News Broadcasting
Manic Monday: Media scrips join Sensex free fall
MUMBAI: It was truly a Manic Monday for Dalal Street. For the second time in the indices’ history (the first being on 17 May, 2004), trading was suspended at the BSE this morning. The Sensex fell by a whopping 1111.70 points in the morning trade below 10,000 to settle at 9,826.91.
However, it recovered substantially to close at 10,482 down 457 points. The NSE Nifty, on the other hand, closed at 3081 down 166 points. Media stocks, like the predominant market sentiment, were on a downslide.
In order to avoid pandemonium in the market, Sebi chief M Damodaran asked people not to go by rumours but to take informed decisions. According to him, Sebi was in touch with the RBI and there were no liquidity problems.

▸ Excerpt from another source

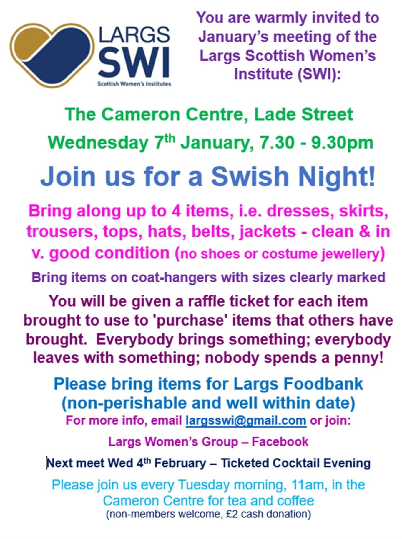 We are now looking forward to January's Swish night. If this is new to you, you bring along some clothing items or accessories (bags, belts, hats - no shoes or jewellery) that you no longer want that are in clean and good condition. For each item you will receive a token (up to a maximum of four) that you can then use to 'buy' a perfect piece for your wardrobe that has been brought in by someone else! This is slow fashion at it's best! We are also supporting Largs Foodbank and ask that you bring in a donation of food (non-perishable & with a good date) that will help families in Largs.

Among the entertainment and media stocks, one company that managed to beat the heat on the bourses was Times Group company Entertainment Network India Ltd (ENIL), which operates the Radio Mirchi brand. The company’s stocks opened at Rs 239.85 and closed higher at Rs 241.10, thus registering a marginal gain of 0.63 per cent.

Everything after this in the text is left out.